--- About this task ---
Begin the copy at the line containing "当玩家的武器升级到一定等级后" in the data below and end it at the line containing "Session Key,而整个TGT则通过KDC自己的密钥进行加密。最终,被不同密钥加密的Logon Session", keeping each line exact and leaving out pictures.

--- Supplied records ---
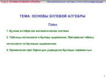 Тема 2 ОСНОВЫ БУЛЕВОЙ АЛГЕБРЫ Вычислительные системы сети
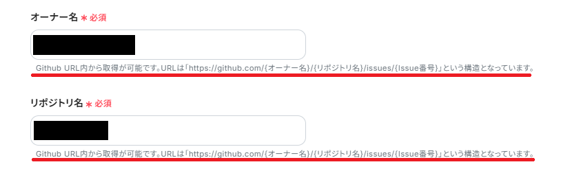 「オーナー名」と「リポジトリ名」は、注釈に沿ってGitHubのURLから確認し入力してください。
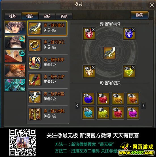 当玩家的武器升级到一定等级后,器灵玩法激活。玩家可在武器上镶嵌宝石,从而赋予武器不同的属性。武器的开孔,无需玩家额外购买打孔符等特殊道具。只要玩家装备的武器等级达到指定等级后,自动开放!武器的强化等级越高,可开启的器灵镶嵌孔位越多。玩家通过任务、游戏活动、闯天宫等处,可获得器灵碎片。通过器灵碎片地不断合成,将能获得高级宝石。宝石等级越高,附加的属性就越高!
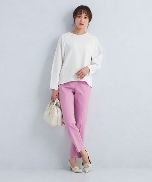 ワイドパンツからタイトスカートまで、合わせるアイテムを選ばない着回しのきく一着です。
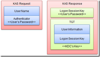 KAS成功认证对方的身份之后,会先生成一个用于确保该用户和KDC之间通信安全的会话秘钥——Logon Session Key,并采用该用户密码派生的秘钥进行加密。KAS接着为该用户创建“认购权证”——TGT。TGT主要包含两方面的内容:用户相关信息和Logon Session Key,而整个TGT则通过KDC自己的密钥进行加密。最终,被不同密钥加密的Logon Session Key和TGT返回给客户端。(以上的内容对应流程图中的步骤1、2)
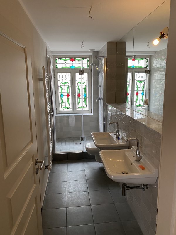 Im ersten Obergeschoss befinden sich zwei helle Wohn- /Schlafräume zusammen 33 m2 sowie ein Bad mit zwei Waschtischen und Dusche.
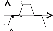 AB – процесс нагревания Q>1>=mc>л>(T-T>1>); BC – плавление Q>2>=λm; CD – нагревание Q>3>=mc>H>>2>>O>(T>2>-T>o>); DE – парообразование Q>2>=μm
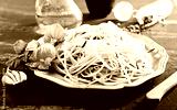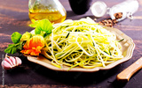 Raw zucchini noodles on plate. Zucchini spaghetti in metal bowl.
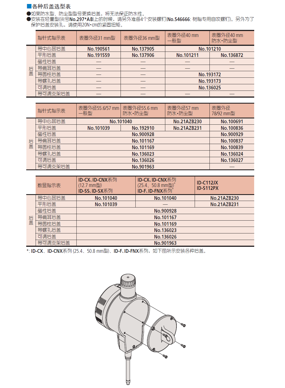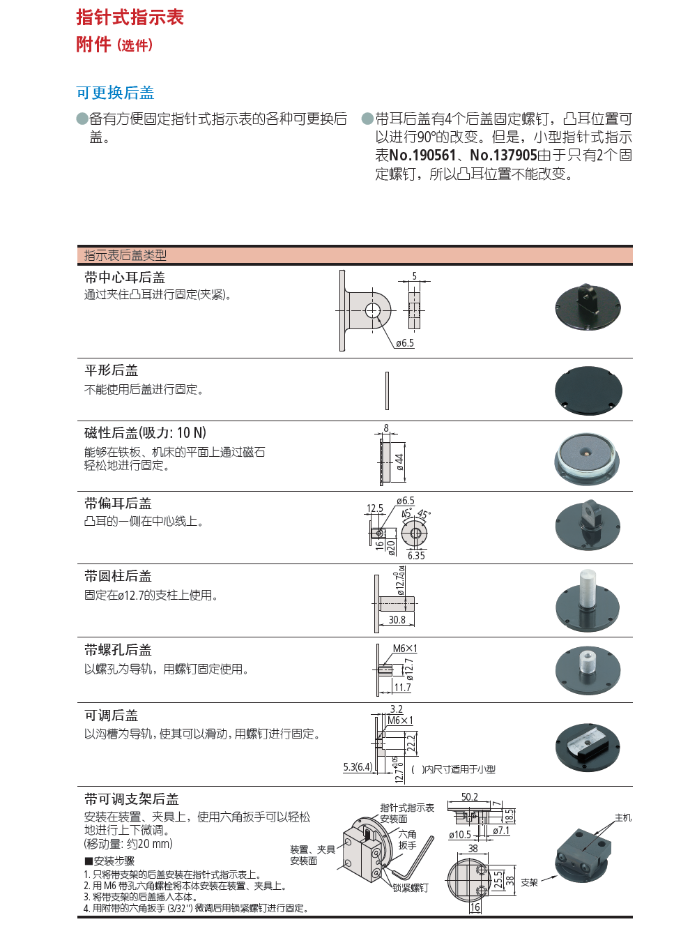 ● 带耳后盖有4个后盖固定螺钉,凸耳位置可以进行90º的改变。但是,小型指针式指示表No.190561、No.137905由于只有2个固定螺钉,所以凸耳位置不能改变。
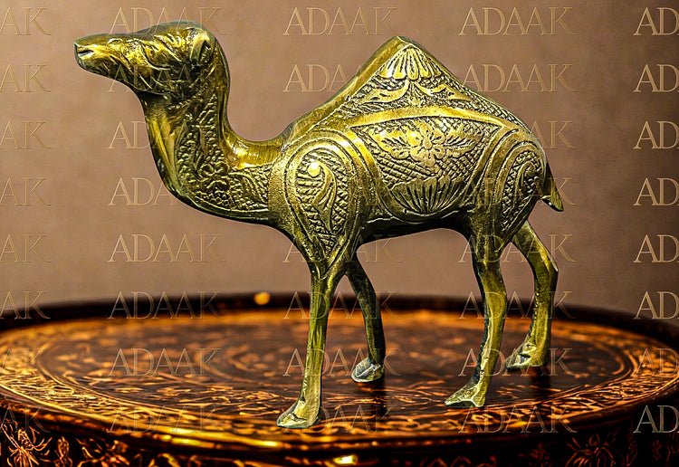 Discover elegance and craftsmanship with Adaak's Desert Grace - Camel. This exquisite brass camel statue is perfect as a camel statue for home, adding a touch of luxury to any decor. Handcrafted with attention to detail, this metal camel statue embodies artistry and sophistication. Ideal as a gift or centerpiece, the brass camel figurine enhances living spaces with timeless charm. Choose Adaak for unique decor that combines tradition, quality, and style effortlessly.
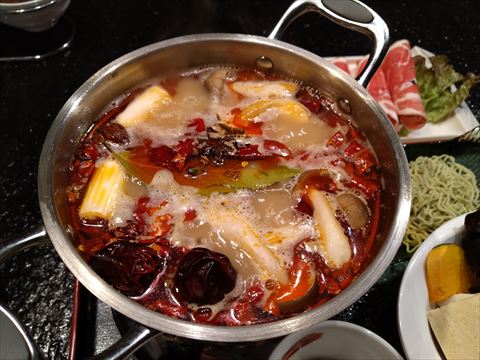 火鍋を初めて食べてみました.辛かったです.
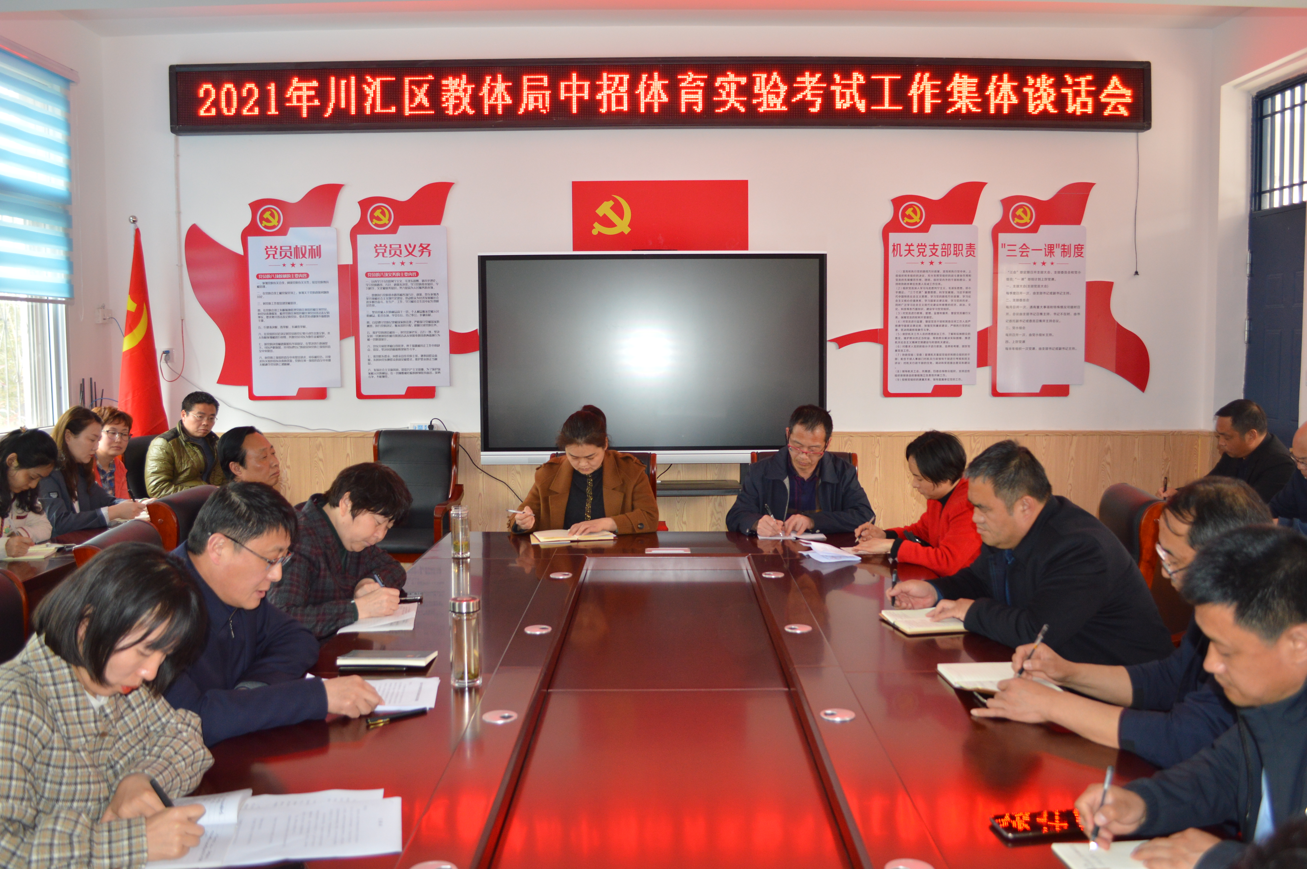 4月9日下午,川匯區(qū)教育體育局召開中招體育實驗考試集體談話會。派駐區(qū)教體局紀(jì)檢組組長許攀主持會議,區(qū)教體局黨組書記、局長徐德志進行黨風(fēng)廉政談話,區(qū)教體局分管領(lǐng)導(dǎo)、考試負(fù)責(zé)人及考務(wù)人員、各中學(xué)校長參加會議。
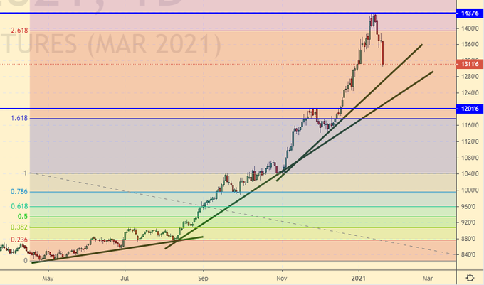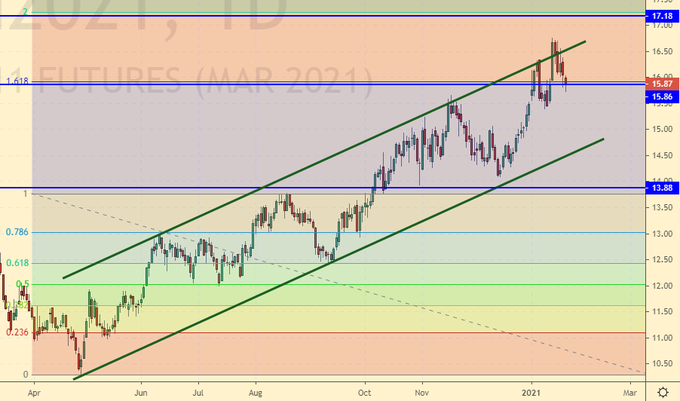 Growth scenario: March futures, expiration date February 26. In the current circumstances, we will expect a rollback to 14.00. The current levels are high. Note that we have not yet reached the target at 17.18.
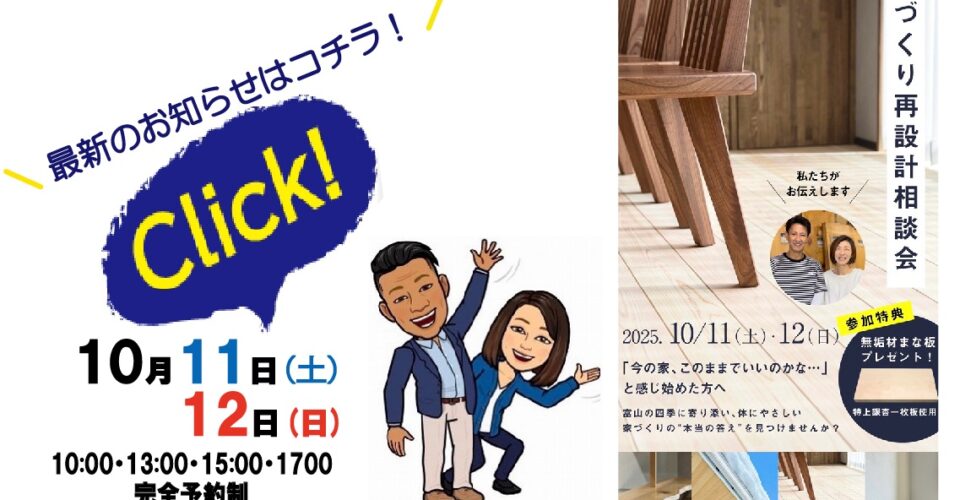 この富山でずっと大工としてやってきた私自身の経験と、信頼出来る職人さんたちの知恵が詰まった内容だと自負しているので、これから家づくりをしたいなーとお考えの方も、今まさに具体的に家づくりを進めている方も、この機会にぜひこの勉強会にご参加いただければと思います。

--- Written response ---
 当玩家的武器升级到一定等级后,器灵玩法激活。玩家可在武器上镶嵌宝石,从而赋予武器不同的属性。武器的开孔,无需玩家额外购买打孔符等特殊道具。只要玩家装备的武器等级达到指定等级后,自动开放!武器的强化等级越高,可开启的器灵镶嵌孔位越多。玩家通过任务、游戏活动、闯天宫等处,可获得器灵碎片。通过器灵碎片地不断合成,将能获得高级宝石。宝石等级越高,附加的属性就越高!
 ワイドパンツからタイトスカートまで、合わせるアイテムを選ばない着回しのきく一着です。
 KAS成功认证对方的身份之后,会先生成一个用于确保该用户和KDC之间通信安全的会话秘钥——Logon Session Key,并采用该用户密码派生的秘钥进行加密。KAS接着为该用户创建“认购权证”——TGT。TGT主要包含两方面的内容:用户相关信息和Logon Session Key,而整个TGT则通过KDC自己的密钥进行加密。最终,被不同密钥加密的Logon Session Key和TGT返回给客户端。(以上的内容对应流程图中的步骤1、2)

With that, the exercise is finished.